REPUBLIKA.CO.ID, DEN HAAG – Organisasi Pelarangan Senjata Kimia (OPCW) telah membentuk Tim Investigasi dan Identifikasi untuk menyelidiki sembilan serangan di Suriah yang diduga menggunakan senjata kimia. Kota Douma adalah salah satu lokasi yang akan didatangi tim tersebut.
Sebuah dokumen yang disebarkan OPCW ke negara-negara anggotanya mengatakan tim yang dibentuk pada Juni lalu telah mengidentifikasi daftar sementara yang tak lengkap tentang insiden serangan senjata kimia di Suriah antara 2014 dan 2018. Selain di Douma, tim tersebut akan menyelidiki serangan di Al-Tamanah, Kafr-Zita, dan Hama utara. Semua serangan di daerah itu terjadi pada pada 2014.
Tim pun akan bergerak ke Marea dan Aleppo utara untuk mengkaji dugaan serangan senjata kimia yang terjadi pada 2015. Kemudian pada 2017, terdapat tiga serangan di Ltamenah dan Hama yang diduga menggunakan senjata kimia. Tahun lalu, dugaan serangan senjata kimia juga dilaporkan terjadi di Saraqib dan Idlib.
Setelah lebih dari lima tahun, Suriah akhirnya mengakui bahwa mereka melakukan penelitian dan pengembangan agen saraf. “Ini menambah bukti yang berkembang dari deklarasi palsu yang sengaja dibuat Suriah, kemungkinan penghancuran bukti, dan kemungkinan yang mengkhawatirkan bahwa Suriah terus memiliki agen kimia terlarang,” kata Duta Besar Kanada untuk OPCW Sabine Nolke saat bertemu para delegasi organisasi tersebut di Den Haag pekan ini.
Dia berpendapat sulit mengesampingkan kemungkinan bahwa Pemerintah Suriah terlibat atau aktor penggunaan senjata kimia di sana. “Terus memiliki bahan kimia ini oleh Suriah memberikan kepercayaan tambahan untuk tuduhan yang ada penggunaannya oleh rezim,” ucapnya.
Tahun lalu, OPCW telah merilis laporan sementara tentang penyelidikan penggunaan senjata kimia di Douma yang terjadi pada April 2018. Mereka menyebut gas klorin telah digunakan dalam serangan itu dan menewaskan 78 warga sipil.
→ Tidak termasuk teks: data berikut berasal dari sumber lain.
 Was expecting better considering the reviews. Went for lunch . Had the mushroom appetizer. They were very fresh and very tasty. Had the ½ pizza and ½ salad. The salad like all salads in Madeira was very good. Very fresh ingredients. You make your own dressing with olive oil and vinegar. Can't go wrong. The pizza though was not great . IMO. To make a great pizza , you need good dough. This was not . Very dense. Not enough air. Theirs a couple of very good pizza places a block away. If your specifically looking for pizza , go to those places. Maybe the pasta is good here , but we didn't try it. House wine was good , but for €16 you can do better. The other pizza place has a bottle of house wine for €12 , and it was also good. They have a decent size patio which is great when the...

"Seiring dengan residu eksplosif, berbagai bahan kimia organik yang berklorin ditemukan dalam sampel dari dua tempat, yang mana terdapat rantai penuh penjagaan," kata tim pencarian fakta OPCW dalam sebuah pernyataan pada Juli tahun lalu.
Selain kunjungan ke lokasi kejadian untuk mengumpulkan sampel lingkungan, tim OPCW juga melakukan wawancara dengan saksi serta pengumpulan data. "Tim pencarian fakta akan melanjutkan pekerjaannya guna menarik kesimpulan akhir," katanya.
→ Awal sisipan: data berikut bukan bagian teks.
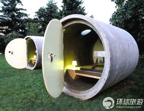 这个旅馆是由废弃的管道改装而成的,位于奥地利的一个公园内。管道里的设施有泡沫的垫子、床下储物空间和一个插座。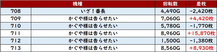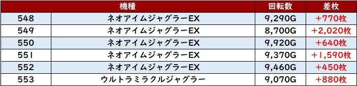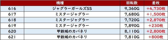 こちらは全台プラス差枚で、差枚数+4,730枚を筆頭に強烈な数値を記録していた。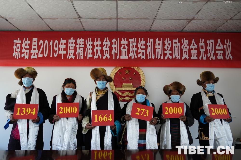 2020年3月26日,瓊結縣召開精準扶貧利益聯結機製獎勵資金兌(dui) 現會(hui) 議,嘎瑪旺堆作為(wei) 代表參加了會(hui) 議,同時拿到了2000元的獎勵資金。當時他說:“2017年11月,黨(dang) 的好政策讓我們(men) 一家摘掉了貧困戶的‘帽子’。今天領到了縣裏獎勵資金很激動,感謝黨(dang) 、感謝政府。”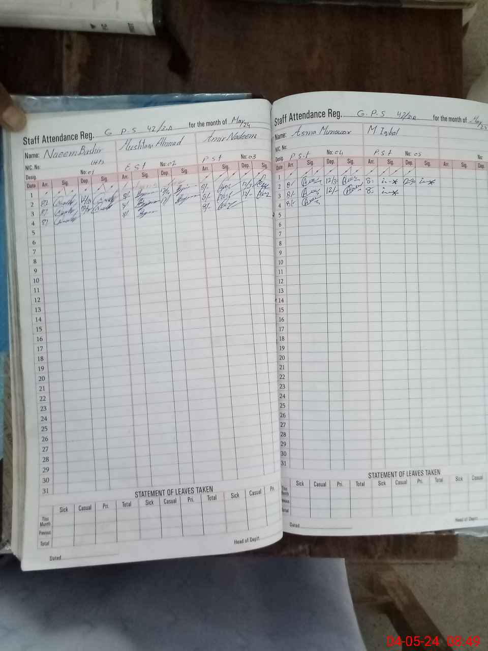 | 31**** | Mu**** Iq**** | PST | Regular | 0 | 0 | 0 | 0 | 0 | 0 | 0 | 0 | 0 | Absent (Un-Authorized) |

Laporan sementara itu kemudian dibagikan ke negara-negara penandatangan Konvensi Senjata Kimia dan Dewan Keamanan PBB. Tujuannya agar mereka dapat membaca dan menganalisis sendiri hasil laporannya. Namun sesuai mandatnya, OPCW tak dapat secara langsung menunjuk atau menyebutkan siapa yang bertanggung jawab atas serangan tersebut.
Kendati demikian Amerika Serikat (AS), Inggris, dan Prancis menuding rezim Presiden Suriah Bashar al-Assad sebagai aktor atau dalang aksi penyerangan tersebut. Ketiga negara bahkan sempat melancarkan serangan udara ke Suriah, tepatnya ke Damaskus. Serangan secara khusus menargetkan fasilitas-fasilitas militer yang diyakini menjadi tempat pengembangan senjata kimia rezim Suriah.
Pemerintah Suriah mengecam serangan tersebut. Suriah menyatakan serangan yang dilancarkan AS, Inggris, dan Prancis dengan dalih merespons penggunaan senjata kimia di Douma merupakan kebohongan. Serangan itu, menurut Pemerintah Suriah, merupakan aksi balasan karena proksi teroris yang dikendalikan ketiga negara di Ghouta Timur berhasil ditumpas dan dikalahkan.